The present work also assumed that the inner CHA–PHA curve and daughter vessel outlets were fixed to prevent un-physiological translation of the system, and no external tissue support was applied on the outer wall. Thus, future studies should consider more advanced constraints, such as the Robin boundary condition suggested in Moireau et al. 14 Also, one-way coupling was assumed between the fluid and particles. This assumption is adequate for modeling dilute particle suspensions; however, two-way coupling should be modeled for dense particle suspensions.

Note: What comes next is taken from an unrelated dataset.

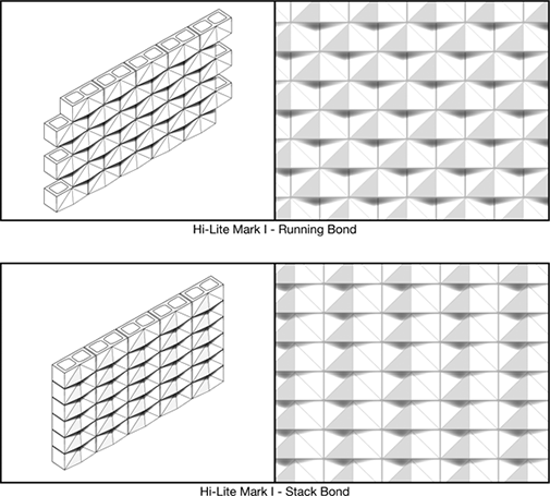 Popouts, angles, and overhangs enliven walls with contrasts of highlights and shade. Use them as individual units for accent, or in fields for pattern and texture.

It is also important to mention that the peak pressure decreased down the length of the arterial system. This is in contrast with the aorta where a “peaking phenomenon” occurs due to wave reflections from bifurcations and changing stiffness. While it does not occur in every arterial system (for example, the coronary arteries) due to increasing admittance in the distal arteries, it should be confirmed for the present arterial system. The absence of this phenomenon may be physiological, but it may also be a result of the assumed boundary conditions. However, this should not affect the conclusions of this work.

Conclusions

The feasibility of direct tumor-targeting in the presence of arterial wall motion was demonstrated by modeling a two-way FSI analysis with Lagrangian particle tracking in a representative hepatic artery system. Rigid cases were also compared to the flexible scenario to establish whether PRMs that are generated using the assumption of rigid walls could provide adequate guidance for catheter placement. It was found that the best rigid geometry is one that best represents the physiological geometry in the targeting interval (most likely the time-averaged geometry over this interval). Due to its less significant geometric changes, the diastolic phase of the pulse may be this ideal targeting interval. Finally, for the present test case, the computer-time ratio of flexible over rigid was about 7:1.